Cónal Creedon is a critically acclaimed novelist, playwright and documentary filmmaker. Many readers will already be familiar with him. I was not, until a writer friend, Norma, shared with me a CBC Radio Ideas special event from McGill University in Montreal. Writing in USA Review Of Books, Kate Robinson describes Creedon’s work this way:
“Creedon’s well-honed, multi-dimensional cast of characters, his vividly portrayed settings and interiors of 1970s and contemporary Cork, and his measured but lyrical prose nail every nuance of the story arc. The author has ripped open his Irish heart to spill this marvellous pastiche, a real-life creed that must be absorbed with one’s heart open wide to the pathos and poignancy of love lost and found, life lived and unlived, and spirituality bound to blind faith or soaring on the wings of perception.”
Clearly Creedon is a writer I need to read. Norma was kind enough to share her notes from the event where she drew inspiration for her own writing, and by extension, me for mine.
Creedon says he writes just because he’s a storyteller, and storytelling can manifest itself as writing; he measures his success as being able to do what he loves to do.
Now in retirement with flexible time on my hands, I find that writing is what I want to do. Earlier in life, my focus—even obsession—was classical organ music; later jazz; often photography. My profession and vocation has been and remains Christian ministry as an ordained Anglican priest. Since 2001 ecological justice study and advocacy has been my passion. As one seminary professor and many spiritual directors have suggested to me over th years, perhaps I could narrow my focus. Well, that doesn’t work; I just can’t do it. I am a life-long learner and constant intellectual and experiential explorer. And yes, with Creedon, I am a story-teller.

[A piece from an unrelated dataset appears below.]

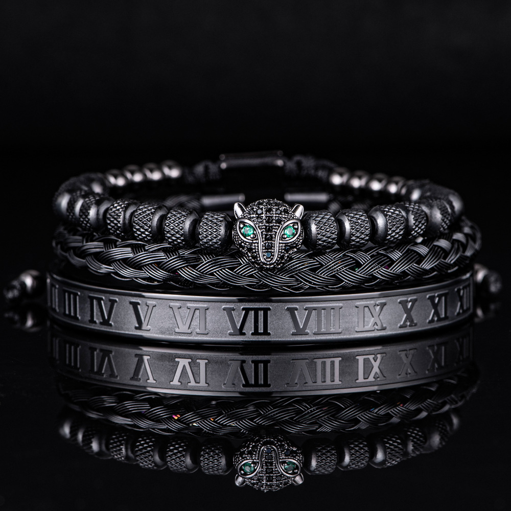 Leopard Head Bracelet Suit Mesh Pineapple Beads Roman Bracelet

For Creedon, another great aspect of writing is that you really don’t need resources other than a pen and a piece of paper.
This is true for most folks but not for me. My handwriting is impossible to read even for experienced pharmacists. I need my computer, not my phone or tablet. Coping with my vision challenges, I need my desktop with a large, high resolution screen. Otherwise I just need time, freedom from distractions, and life’s duties and delights to feed my imagination. I know that I publish a little too often on this blog. But I swear to you, if I sit down, the ideas for blogs just keep coming. I don’t try to produce material; I manage what at times is a fountain flow of ideas.

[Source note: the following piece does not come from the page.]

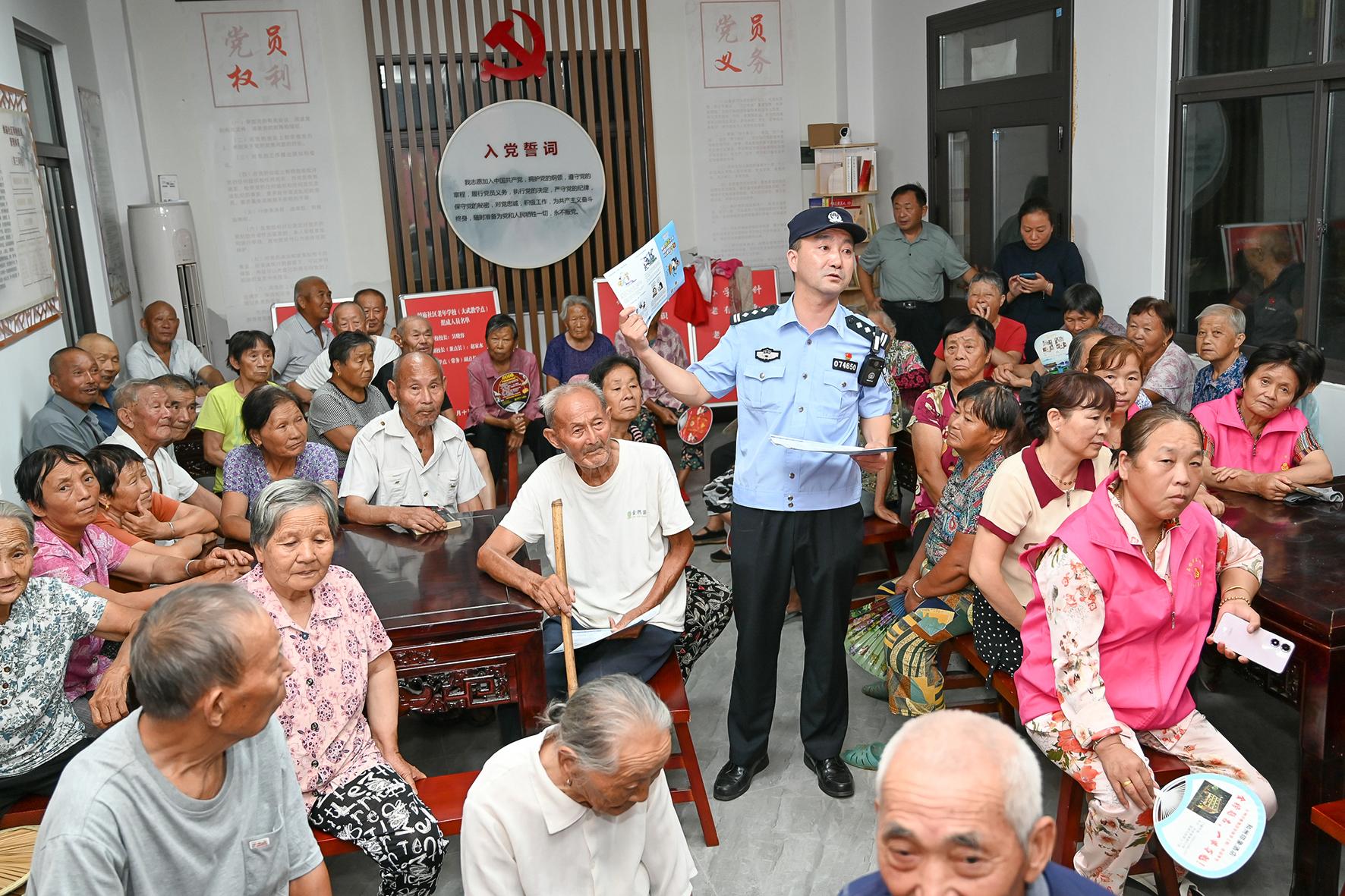 9月19日晚,安徽省和縣公安局石楊派出所民警在石楊鎮(zhèn)大武村老年學(xué)校,向老年學(xué)員們開展預(yù)防網(wǎng)絡(luò)詐騙法治宣講。

Here’s something I did not expect: True creativity comes from embracing ridicule.
If you want to see my face and ears go red, humiliate me. Tell me I am being ridiculous. I am extremely sensitive to criticism. I have worked on this, for years, and failed. {Ears red even thinking about this.) I remember a retreat leader, an Episcopal bishop from the US, introducing himself as someone “who really needed to be liked.” Bad approach; believe me, I have tried it. Doesn’t work. Simply means that the truth scampers out of the room.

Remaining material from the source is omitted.